Banks can benefit from a collaborative relationship with alternate lenders

Banks can benefit from a collaborative relationship with alternate lenders

While the macro economic data remains grim, many companies are eagerly looking to take advantage of acquisition and commercial property opportunities. Rather than simply declining deals, South African banks should consider collaborating with independent, alternate lenders

There is no doubt the current market is not conducive to easy lending or to companies looking to grow by acquisition. Macro economic data and tightening regulations have the major banks retreating further into their shell. Moreover, much of the growth funding currently comes from the pension funds which are just as aware of their risk profile – and with many of them focused on developmental targets, SME growth and the renewables space.

However, while the traditional lenders may be battening down the hatches, all is not lost for businesses looking to capitalise on a downturn economy.

South Africa is following the route of the US and UK, where the alternate lending market is growing by leaps and bounds.

The lightly regulated entrants such as specialist investment houses, asset managers, insurance funds, and peer-to-peer lending institutes offer fairly cheap and convenient finance.

According to data analysis firm, Preqin, investors worldwide have raised almost $80bn for direct lending funds in the past two years due to the rising demand from small businesses for alternative sources of finance.

In the US, about 25% of loans to small to medium companies come from alternate lenders positioning themselves as ‘business development companies’.

Locally, there are far more alternate lenders than many people are aware of. Currently there are well over 60 specialised finance providers which exclude banks and private equity firms. These include specialised equipment finance providers, general and specialist finance houses and bridging financiers.

Banks cutting themselves off to potential business

Traditional lenders, such as the big banks, are understandably circumspect about financing growth at the moment. Unless deals specifically fit their criteria, many banks will simply decline the deal. What’s more, some banks have not been particularly open to referring clients to alternate lenders. In some instances this has been because there has not been much financial benefit in doing so or, because if something goes wrong with a referred or co-financed deal, people may come back to the banks and lay the blame at their feet.

However, the benefits of banks working with independent lending companies far outweigh the risks.

Independent financiers understand the requirements of clients. They can spend more time with them, they can work with the client to prepare their financial modeling and ask the questions which owner managed businesses often don’t think of, or may not know.

Independents can advise on what ratios other financiers will look at and can translate this into the format required by potential funders. Most importantly, independent lenders have access to a diverse network of funders.

An independent financing company can help source the best deals and the best terms.

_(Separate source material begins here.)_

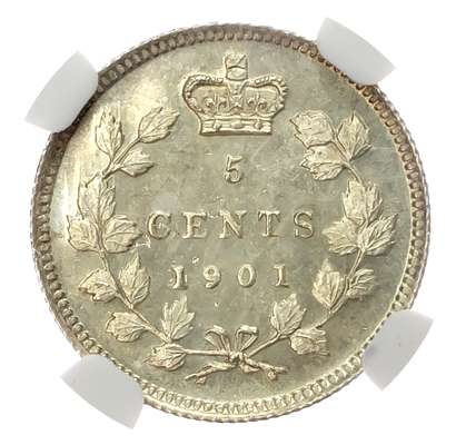 Canada, British Colonial. Victoria AR 5 Cents. 1901. VICTORIA DEI GRATIA REGINA. CANADA below bust left / denomination and date within crowned wreath. KM 2. 1.18g, 15.49mm, 6h. NGC Graded MS 64. Scarce.

They will give the client an idea of the options as well as how to combine a funding solution which includes short-term, long-term and structured debt.  An independent lending company will also be in a position to mix and match growth finance institutions and products since they have working relationships with the banks (both big and small), the credit funds, the asset managers as well as select private funders – and are not beholden to any of them.

Acquisitions are also often incredibly time sensitive and short-term liquidity is often key to closing the deal. Independent lenders can find solutions for time sensitive transaction when funding is not available from commercial banks, or when they are taking too long with the loan applications.

Choosing the right team

When a deal is declined by a commercial bank, many people turn to their accountants for assistance. Together with good legal advisors, these professionals form a valuable part of the collaborative deal broking team.

This can benefit the business owner as each company has its own unique requirements. This is influenced by the sector in which it operates as well as the company specifics. Accountants often have deep insight into companies, their operating requirements as well as their long-term growth strategies.

Moreover, many acquisitions include complex transactions as part of the deal. These include consolidation assessments and identifying and accounting for derivatives, complex financial instruments and new or modified stock compensation plans. Complex valuation techniques also further complicate a deal and it makes excellent sense for accountants to be part of the strategic team at the outset of the negotiation process.

Once the legal and accounting team have structured the deal most appropriate to the client, the logical next step is to turn to an independent lender to ensure the appropriate capital is raised.

While the traditional funding for acquisitions may be harder to come by, banks could take this opportunity to adopt a more collaborative stance. By working with the extended lending ecosystem and its associated professionals, banks will benefit from satisfied clients who will remain loyal and increase their transactional worth.